Density of cells with Olig2-immunoreactive nuclei (Olig2+) in pre-frontal cortical (PFC) samples. (A and B) Within white matter (WM), the number of Olig2+ cells varied from cases with low density (A) to cases with an apparent reactive response that had high Olig2 + cell density (B). (C) Olig2+ cell density in WM and overlying gray matter (GM) from the twenty-five PFC tissue blocks that underwent MRI; two-way ANOVA P < 0.001 for cortical GM vs. WM, P < 0.01 for presence or absence of vascular brain injury (VBI), and P < 0.05 for interaction between these terms.
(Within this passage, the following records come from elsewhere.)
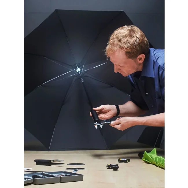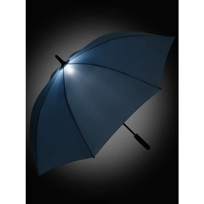 Copertura: 100% poliestere pongee, manico: plastica, asta: acciaio. Ombrello-bastone ad apertura automatica con luce interna a LED, sistema Windproof, stecche flessibili in fibra di vetro, manico soft feel personalizzabile, protezione dalla corrosione grazie alla galvanizzazione nera del bastone in acciaio, Diametro: 111 cm, lunghezza da chiuso: 85 cm, 8 pannelli.
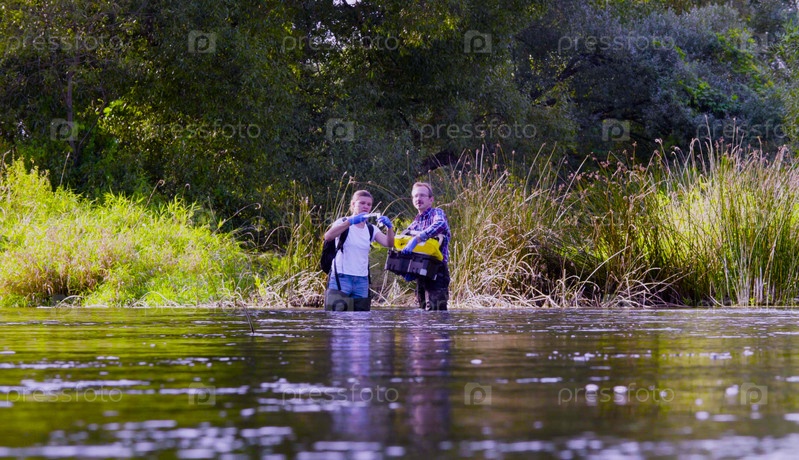 Два ученых-эколога в высоких резиновых сапогах стоят в воде лесной реки
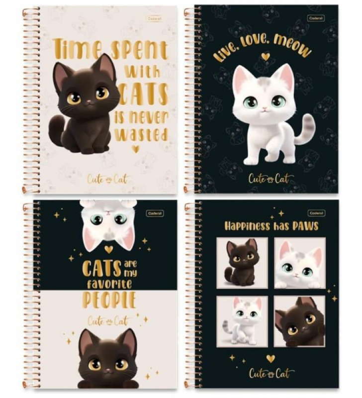 Caderno espiral capa dura 1 matéria 80 folhas cute cat universitário Cadersil

Multiple comparison-corrected post tests had **P < 0.01 for WM no VBI vs. WM with VBI. (D) Scatter plot of DTI measures vs. Olig2+ cell density in twenty-three PFC WM samples with less extreme injury and corresponding best-fit line for FA (solid line, P < 0.05) and ADC (dashed line, P < 0.05). The linear relationship between Olig2+ cell density was strongest with D_⊥ (P < 0.01). (E) Stratification of Olig2+ cell density into the four pathologic groups. Two-way ANOVA had P < 0.05 for VBI but not AD. Multiple comparison-corrected post tests had *P < 0.05 for VBI vs. no VBI in both the Low and High AD groups.

Figure 5

Photomicrographs of double immunohistochemistry in PFC WM. (A): Representative high HA area with intense HABP staining. (B): Representative low HA area with weak HABP staining. Cells with Olig2+ nuclei (arrows) are shown in both areas. (C) Paired t test for Olig2+ cell density in high vs. low HA areas for the twenty-five PFC WM samples (P < 0.0001).